La réserve parlementaire, c'est quoi ?

La réserve parlementaire est une somme allouée chaque année aux députés et aux sénateurs, en plus de leurs diverses indemnités, pour aider des associations et des projets dans leurs circonscriptions. Allant de 100 000 à 150 000 euros en moyenne selon les années, cette enveloppe est régulièrement décriée pour l'usage, relativement opaque qu'en font les parlementaires.

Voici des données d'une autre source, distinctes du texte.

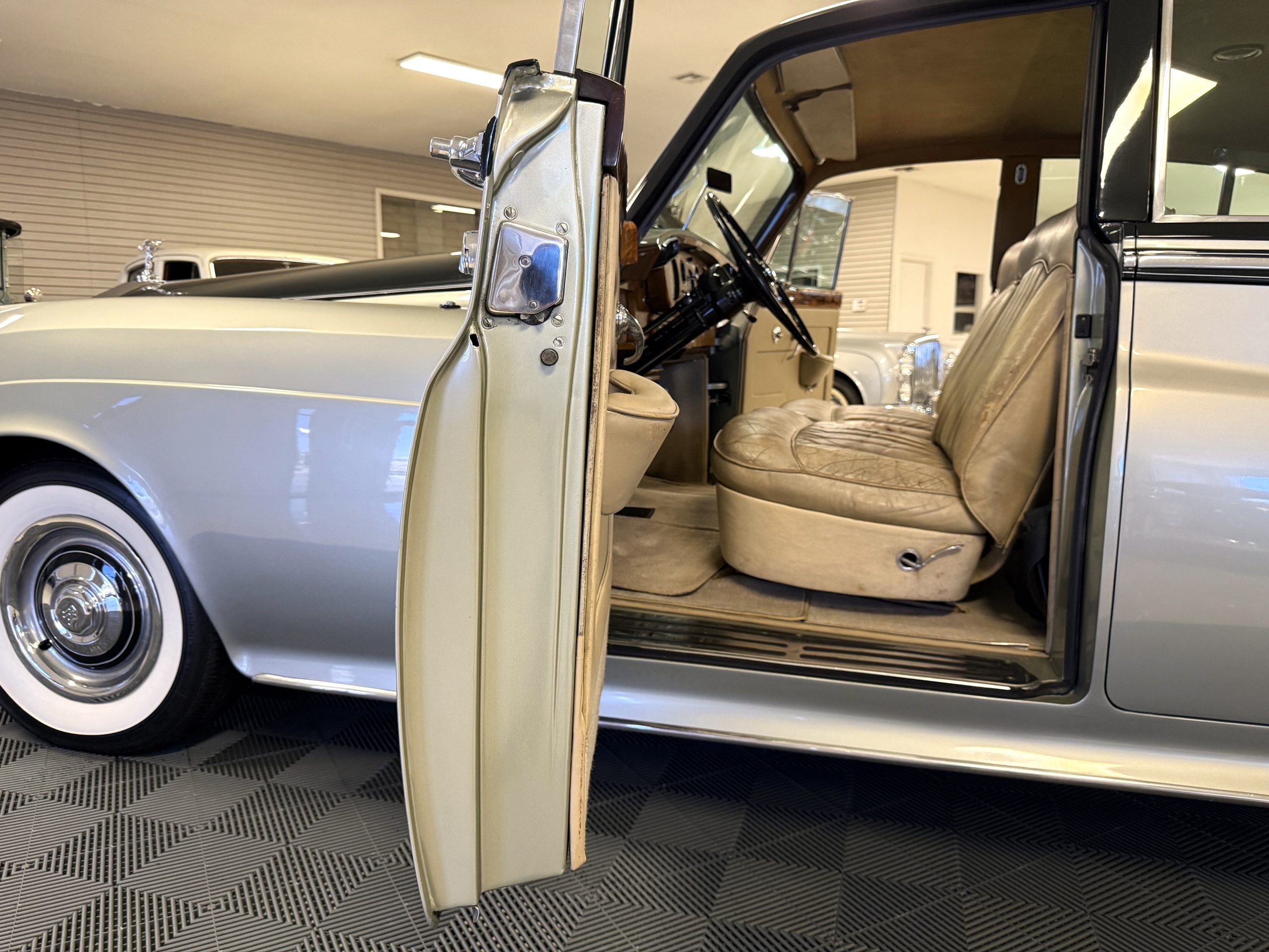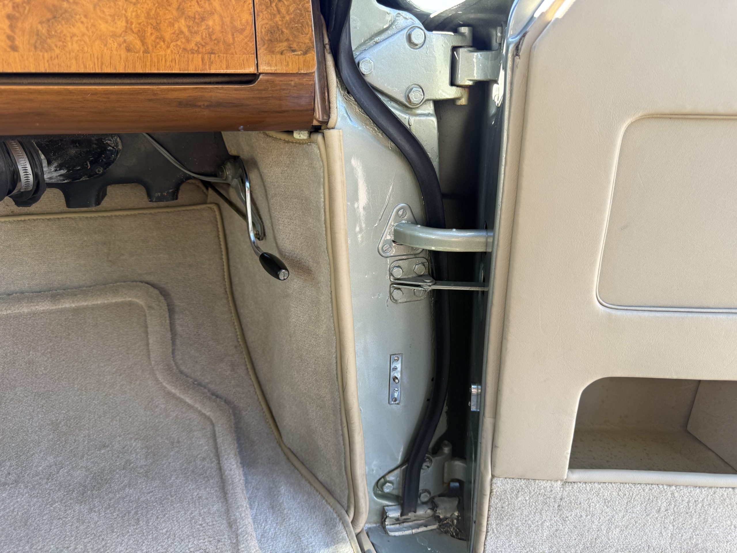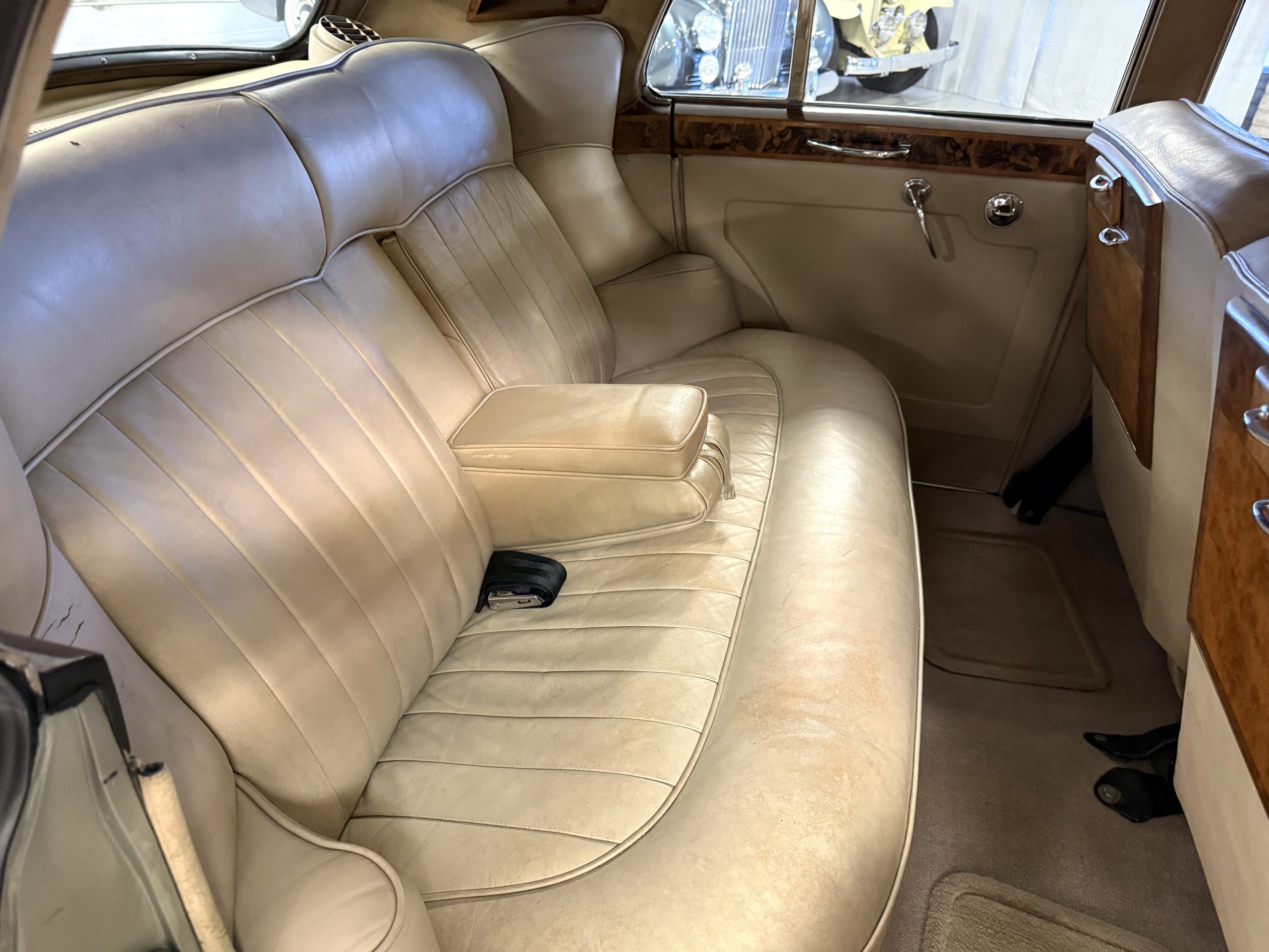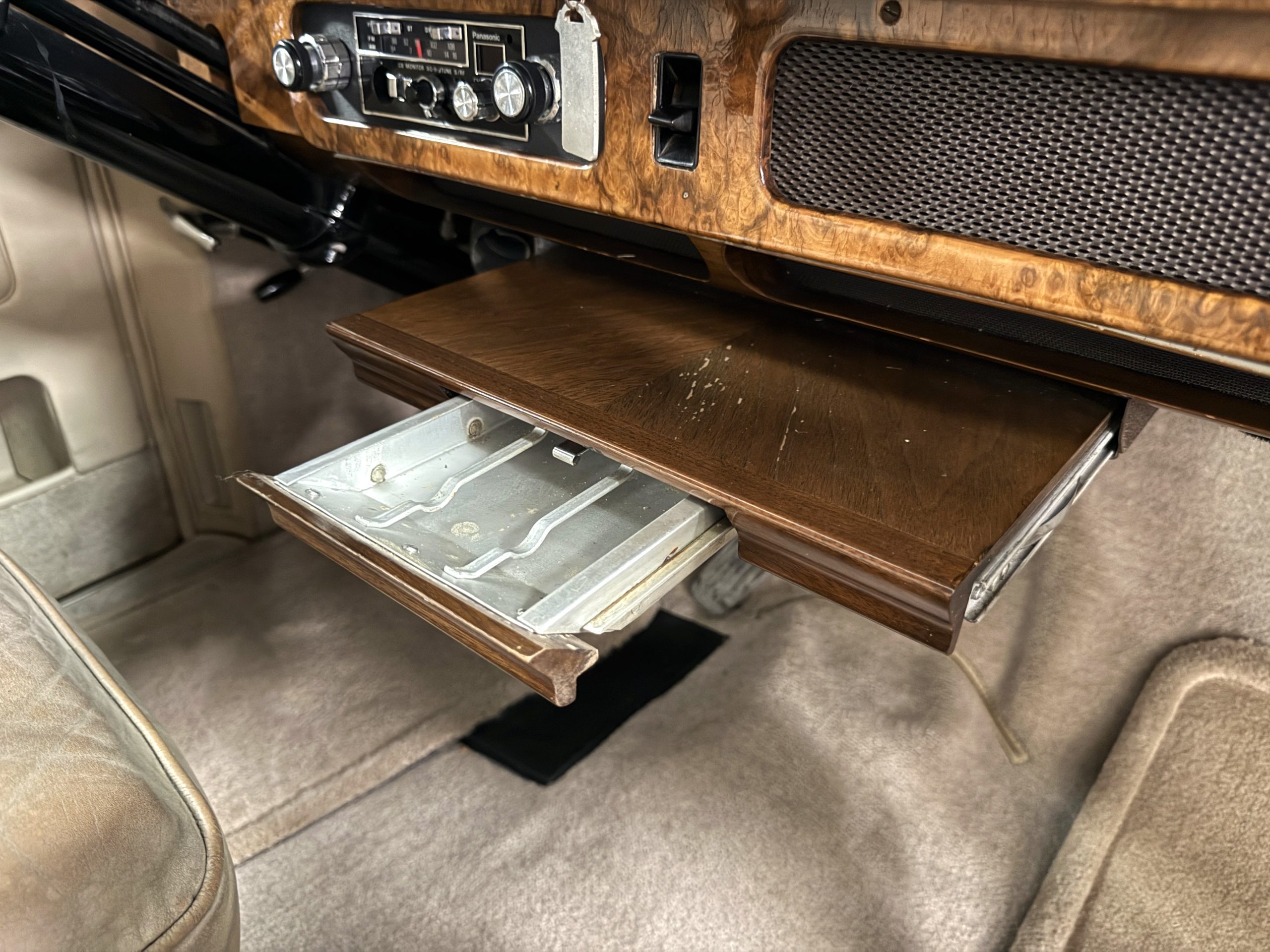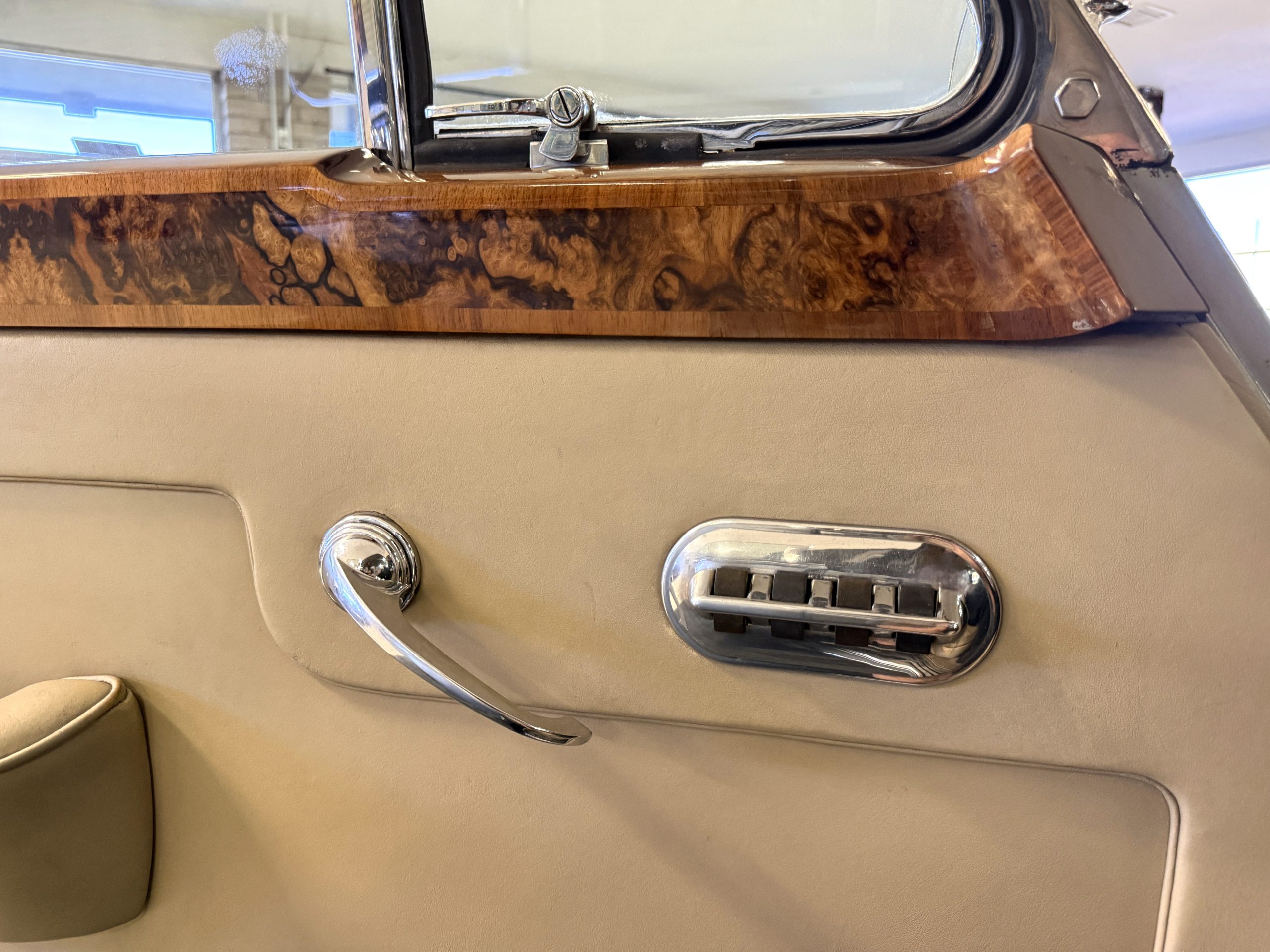 The Rolls-Royce interior is trimmed in original beige leather paired with beige wool carpeting that presents in good overall condition. The interior wood and carpeting were restored in 2001. There is wear consistent with age and use with one tear and some cracking in the driver’s side seat. This left-hand-drive U.S. example retains its original charm with burled walnut door cappings and dash panels that remain in great condition. Smiths instrumentation, factory amenities include air conditioning, power windows, and an AM/FM radio, while rear picnic tables finished in matching burl walnut continue to present in great condition and enhance the Silver Cloud’s traditional passenger comfort.
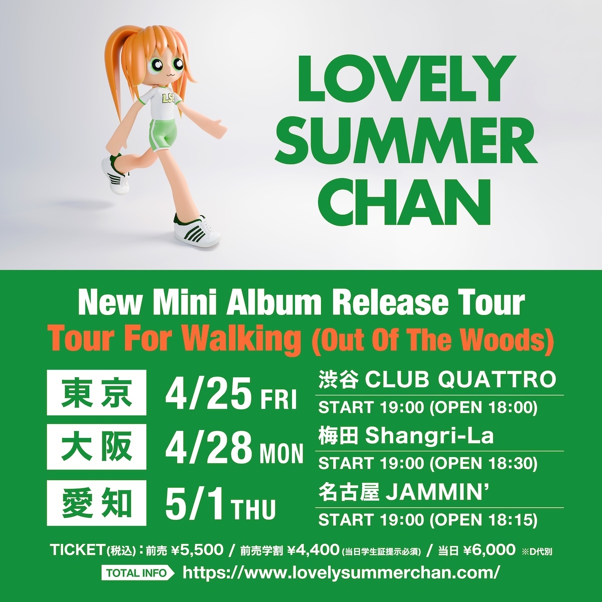 今回のツアー『Tour For Walking (Out Of The Woods)』は、前回ツアー『THE THIRD SUMMER OF LOVELY SUMMER SONIC Tour 2021-2』以来、約3年ぶり。4月25日(金)に東京・渋谷CLUB QUATTRO、4月28日(月)に大阪・梅田Shangri-La、5月1日(木)に愛知・名古屋JAMMIN’にて開催される。
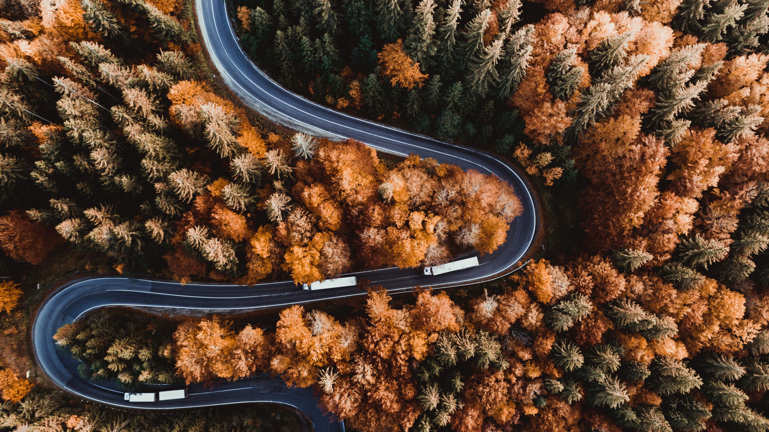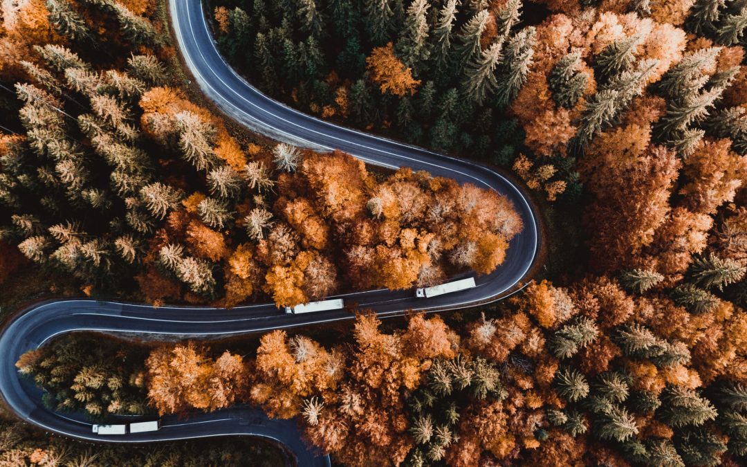 Aerial view of mountain road with truck heavy traffic
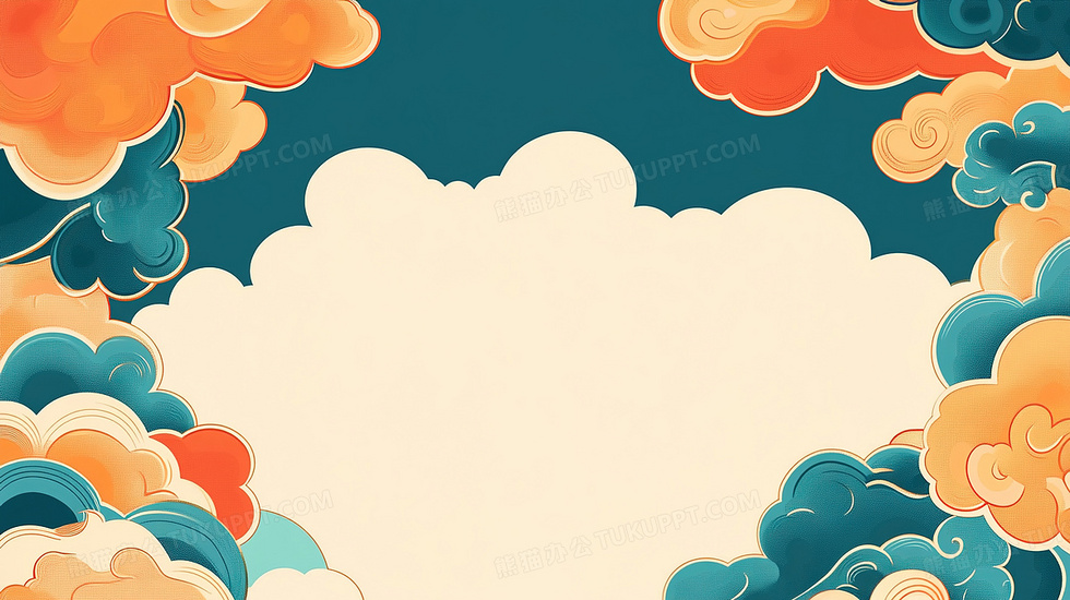 本作品内容为祥云边框简洁背景, 格式为 jpg, 大小7 MB, 图片尺寸为5824 x 3264, 作品中背景图片无需修改, 源文件无水印,可以直接使用, 欢迎使用熊猫办公。 如认为平台内容涉嫌侵权,可通过邮件:tousu@tukuppt.com提出书面通知,我们将及时处理。

L'Assemblée nationale précise sur son site Internet que chaque parlementaire a pu proposer en 2016 "l'attribution de subventions à hauteur de 130 000 euros en moyenne, la modulation de la répartition entre les députés relevant de chaque groupe politique". Un régime spécial est accordé aux membres du Bureau de l'Assemblée nationale (140 000 euros de réserve), aux vice-présidents, aux questeurs, aux présidents de groupe et aux présidents de commission qui "disposent de 260 000 euros". Le Président de l'Assemblée nationale, lui, a droit à 520 000 euros. Au total en 2016, ce sont 81,86 millions d'euros, sur une enveloppe totale de 90 millions d'euros votés en loi de finances qui ont été distribués. "Le reliquat - soit 8,14 millions d'euros – a été reversé au budget de l'Etat", comme les trois années précédentes, indique le Palais Bourbon.

Avant de dévoiler la liste des 16 551 subventions versées en 2016, l'Assemblée nationale avait déjà fait preuve de transparence en diffusant, il y a quelques jours, la liste des attachés parlementaires de chacun des députés.